HAGERSTOWN - Three days into the 1945 invasion of Iwo Jima, shrapnel hit Vern Brintzenhofe in seven places.

"I'm one of the fortunate ones," Brintzenhofe said.

Two hundred Marines landed with him during the first wave of the invasion. Seven hours later, only 84 men were left.

About 10 of the men who took the beach 61 years ago joined Brintzenhofe in Hagerstown for a "mini reunion" of Iwo Jima survivors from the Fourth Marine Division Association.

"We're all brothers in arms. We all fought for the same things," Mayor Robert E. Bruchey II said as he spoke about his own military experience in a welcome to the veterans.

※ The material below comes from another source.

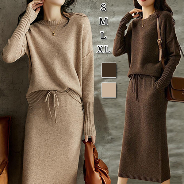 レディース ニットワンピース 秋冬セーター 2点セット 通勤服 OL 2colors セットアップレディースファッション スーツ セットアップ スカートスーツ
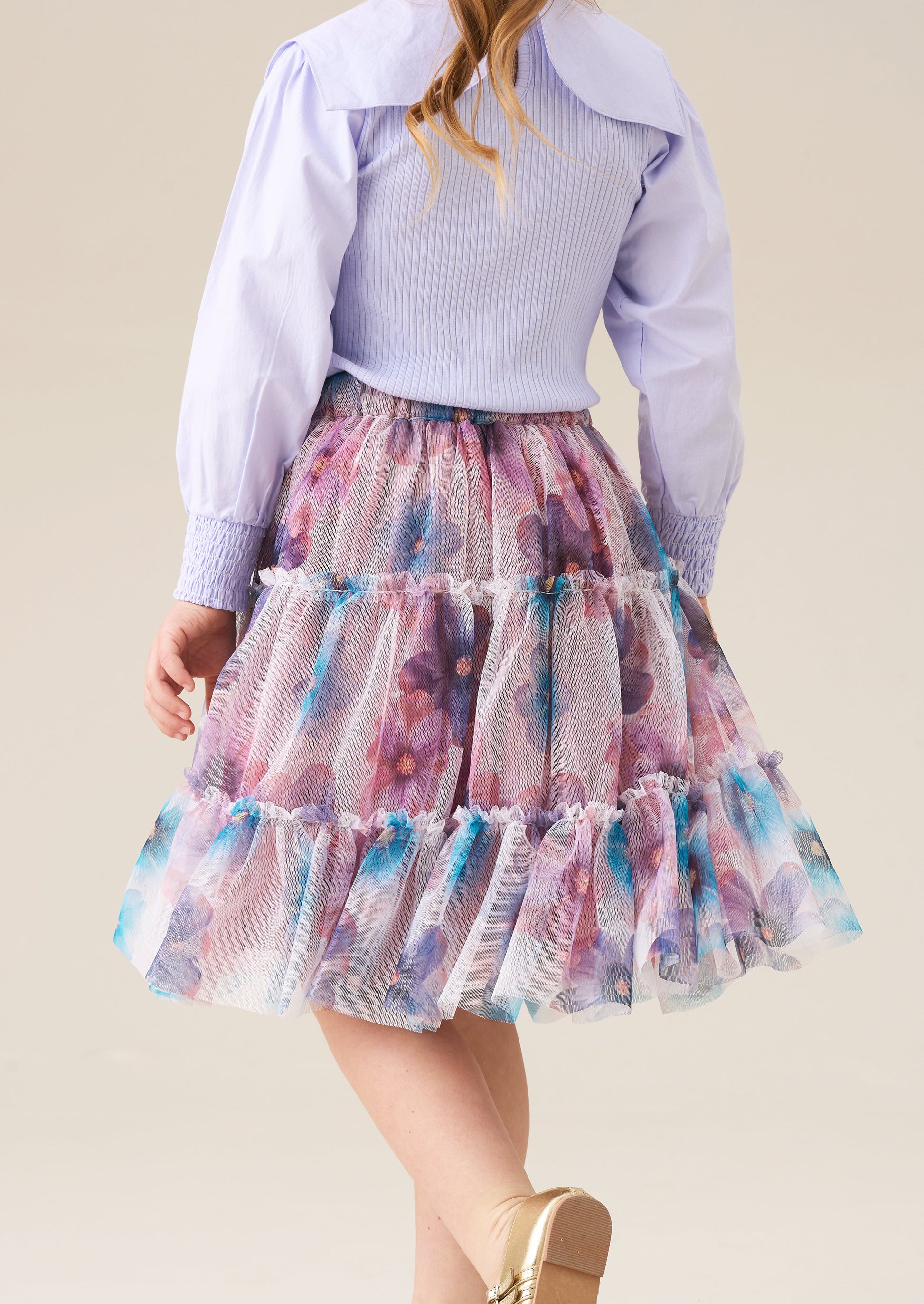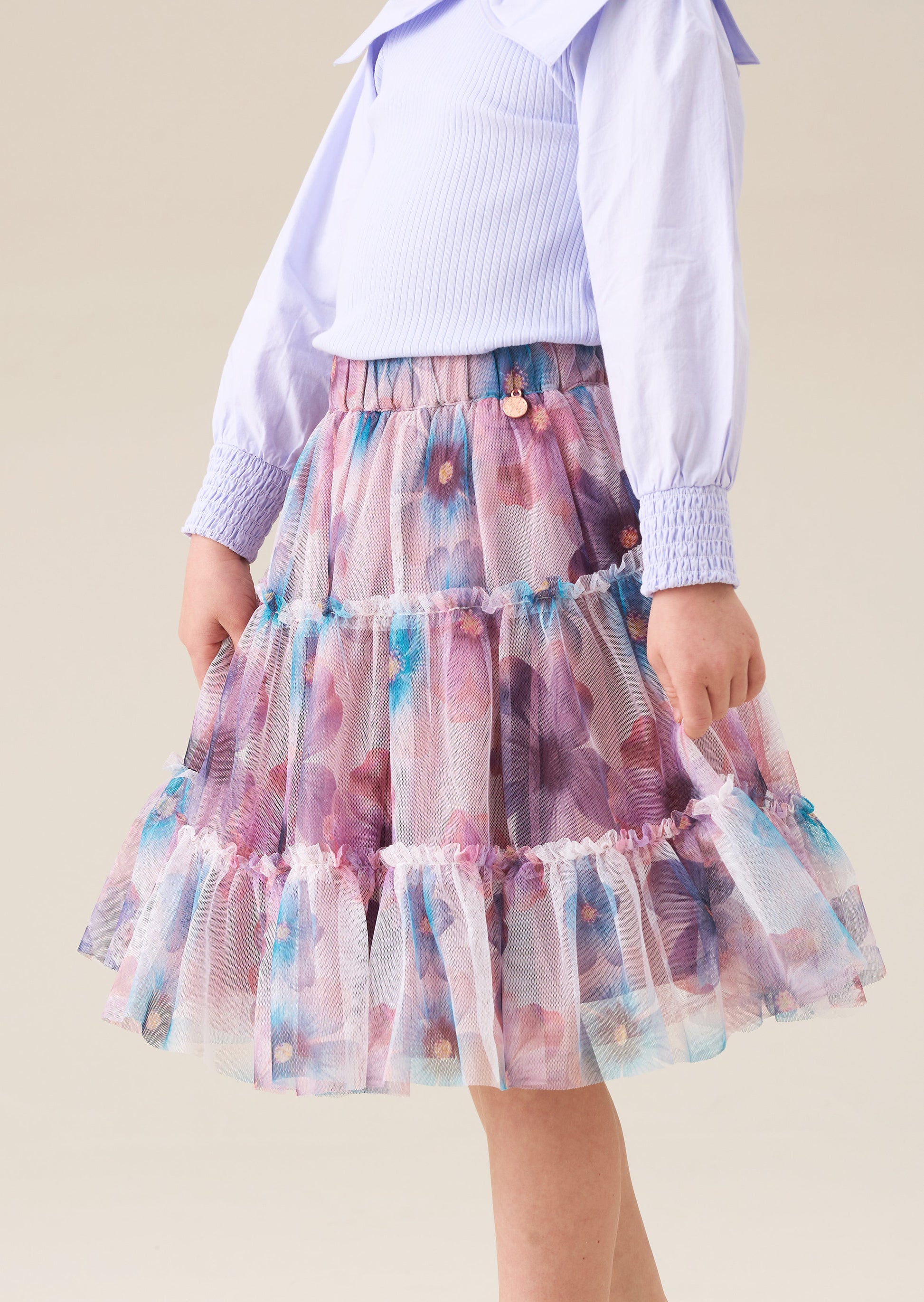 We've found you the perfect skirt! Our bestselling skirt is back with a stunning new season upgrade. Featuring layers of the softest mesh scattered with oversized blooms in delicate mauves and lilacs, it's cut into a stunning longer-line silhouette that's brimming with volume and tiers.

The veterans teased Bruchey about serving in the Army.

"That's too bad," veteran Charlie Charles said. "You would have been a good Marine."

As the group gathered in the Days Inn lobby Tuesday morning, one veteran reminded Bruchey that, "there's no such thing as a beautiful battlefield," when the mayor listed Antietam National Battlefield as one of Washington County's "beautiful" sites.

On the day Marines landed on Iwo Jima, Brintzenhofe left his ship at 3 a.m. and landed at 9 a.m. in volcanic sand, he said.

"We were lucky to be in the first wave. The Japanese waited until the third wave landed, then threw everything they had at us," he said. "We lost a lot of buddies."

Wayne Freidline, who traveled to the reunion from Ligonier, Pa., was shot in the leg during the Iwo Jima invasion. His leg is now one inch shorter, he said.

During the Battle of Saipan in 1944, Freidline was shot in the chest.

The retired Marines will spend the week in Hagerstown.

Brintzenhofe also planned a trip to the World War II and Iwo Jima memorials in Washington, D.C., for Thursday and a memorial service for Friday.

This week marks the second reunion. Last year, the group also gathered in Hagerstown, and Brintzenhofe said his buddies enjoyed the visit and asked him to plan another one.

Brintzenhofe and his wife, Lu, lived in Hagers-town in the 1970s when he worked for the Army Corps of Engineers at Fort Ritchie. They moved back after he retired because their children, grandchildren and great-grandchildren live in the area.

"We're all lucky guys to be here. Some went through four invasions and never got a scratch. Some got beat up pretty good, but we healed," Brintzenhofe said.